Should we see a deleterious inflation of adverse drug effects ? On this point, Dr. Collomp wants to be reassuring. “If there are more adverse effects leading to hospitalizations, it is also because we are treating more. A few years ago, we did not transplant patients over the age of 65, for example“, he explains.
Any other possible explanations for this trend? Less monitoring of certain “commoditized” treatments (such as oral chemotherapy) or the marketing of new drugs, even if “for conditions for which there is already a treatment, a new drug is often safer, because it is evaluated in relation to the existing one“, recalls Dr Étienne Cousein, pharmacist at the Lille University Hospital.
Unequal patients in the face of ADRs
Beyond these risks related to molecules, other determining factors in the appearance of undesirable effects come into account: the duration of the treatment, its observance… and therefore above all the patient! Indeed, we are not equal in the face of ADRs.

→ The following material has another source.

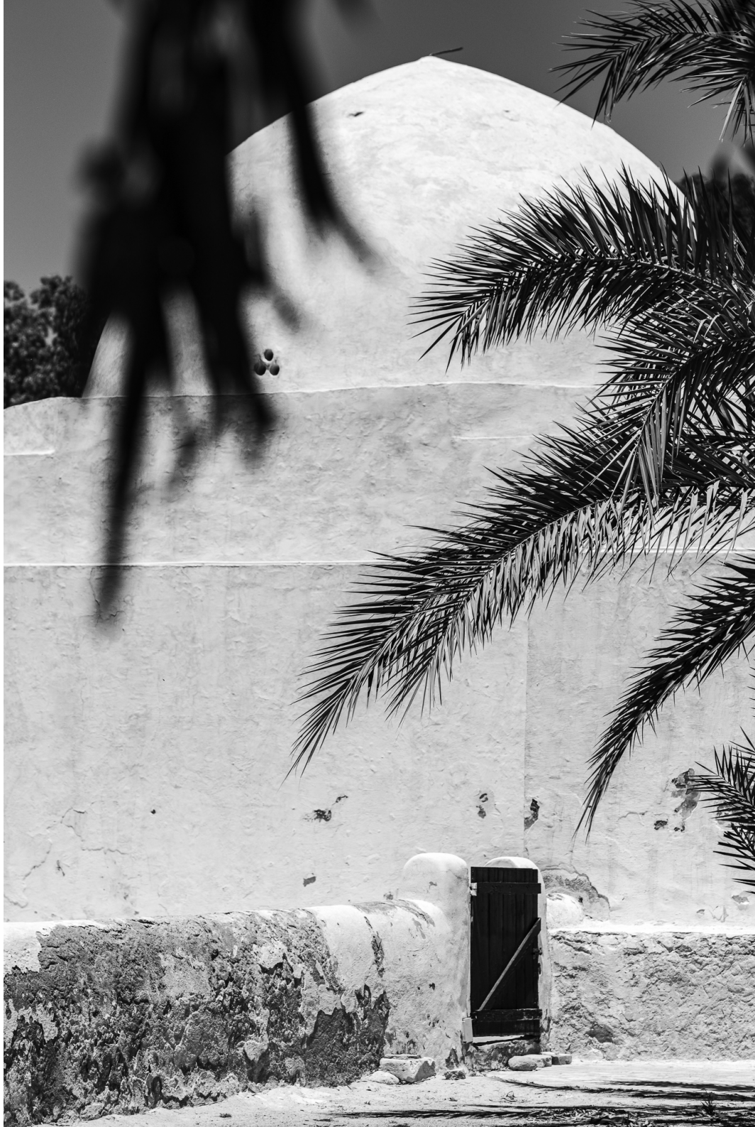
Houmt Souk 06/2025
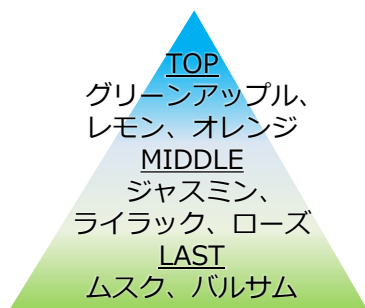
香りのイメージ図

スポーティで爽やかなフルーツミックスのトップノートから、男性のセクシーさを際立たせる花々のミドルノート、落ち着きを感じるウッド系のラストノートと、スポーツシーンにぴったりの爽やかな香りです。

Children, immunocompromised people or people suffering from certain diseases (kidney failure, etc.) and especially elderly people are more at risk of suffering them. In their case, “with age, certain organs function less well, like the liver or the kidneys, and the drugs are then less well evacuated from the body“, says Dr. Cousein.”Older people are also more likely to be polypathological [d’avoir plusieurs maladies simultanément, ndlr] and therefore to multiply the treatments.”
However, who says supernumerary treatments also says risks of drug interactions and undesirable effects increased tenfold, in particular when different molecules taken by the patient present the same risks of ADR. Hence the drug cocktails to be monitored closely to reduce the risks as much as possible. This is the whole point of the EIM: “Seek to assess their frequency and severity. We will be able to anticipate them, try to reduce them, but they are never completely controllable“, recalls Dr. Collomp. And to cite the example of a patient who would have an allergic reaction to the first intake of a drug. In this case, as in 82% of ADRs having led to hospitalization, the effect adverse event cannot be avoided.We speak of therapeutic hazards.

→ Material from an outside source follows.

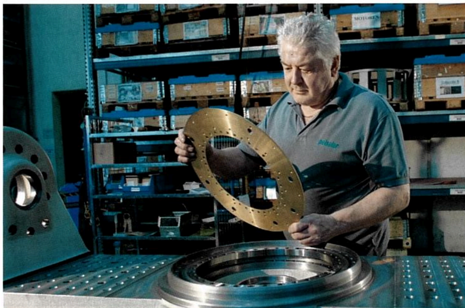
1 Ein Peiseler-Mitarbeiter bei der Montage einer Zweiachs-Schwenkeinrichtung, die zu den Top-Produkten des Unternehmens gehört

Für das Unternehmen mit Stammsitz Remscheid, einem weiteren Werk in Mortara, einer USA-Niederlassung in Grand Rapids und Vertretungen in zahlreichen Ländern ist Positionier-Technologie eine der wichtigsten Grundlagen für den Erfolg. Die Positionier- und Teilgeräte erreichen mit bis zu einer Winkelsekunde eine extreme Genauigkeit. Das entspricht etwa dem Durchmesser eines Haares, unter dem eine 1-Euro-Münze aus der Luft auf eine Entfernung von 4800 Metern erscheint. »Man stelle sich vor, auf der ausgetreckten Handfläche steht ein 27 Tonnen schwerer Sattelzug, es dann gilt festzuhalten, ohne die Position des Armes um weniger als ein Zehntel der Länge eines Haares zu verändern«, veranschaulicht

A patient actor of his treatment
If the hazards escape by definition from the caregivers, the other ADRs can often be limited thanks to personalized care. The objective: to (regularly) assess the benefit-risk balance of the drug(s) for the patient. “If it is a question of treating a serious disease, one will more easily assume the undesirable effects. Otherwise, we will assess according to the risks of complications and the patient’s tolerance to ADRs, whether to wait, reduce the dosage, recommend lifestyle and dietary rules (shift a dose, recommend physical activity, etc.), or change molecule“, recalls Dr. Cousein, specifying that, in this context, the exchanges between doctor, pharmacist and patient are essential, especially since ADRs can appear at various times (immediately, after a few days, even years) .

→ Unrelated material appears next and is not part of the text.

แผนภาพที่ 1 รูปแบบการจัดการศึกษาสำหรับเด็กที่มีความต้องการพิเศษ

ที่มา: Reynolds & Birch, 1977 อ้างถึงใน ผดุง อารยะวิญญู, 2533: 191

And for good reason: if a patient does not respect his treatment for fear of a side effect without talking to his doctor, the latter risks increasing the doses, for lack of proven effects of the drug. Conversely, a patient who self-medicates to treat an ADR could promote a drug cascade, which itself generates numerous adverse effects… In other words, “the therapeutic strategy is especially effective if the patient is an actor in his treatment and aware of ADRs“, he concludes.
Game-changing innovations
Efficiency now reinforced by innovative tools. “To optimize prescription, there are now medical decision support systems – even if they are still marginal – which in particular make it possible to limit ADRs.“explains Dr. Collomp. Another promising lead: the predictive medicine. “With pharmacogenomics, it is possible to use a patient’s genes to assess their response to a treatment and better target itHowever, these tests, which are particularly expensive, are currently limited to treatments that are also very expensive…
What can be done to limit the adverse effects of drugs?
- Respect your medical prescription;
- Ask your pharmacist or doctor for advice if you are taking other medicines, even in herbal medicine;
- Avoid self-medication;
- Talk to your doctor about the ADRs experienced, or even report them yourself on signalement.social-sante.gouv.fr to promote pharmacovigilance.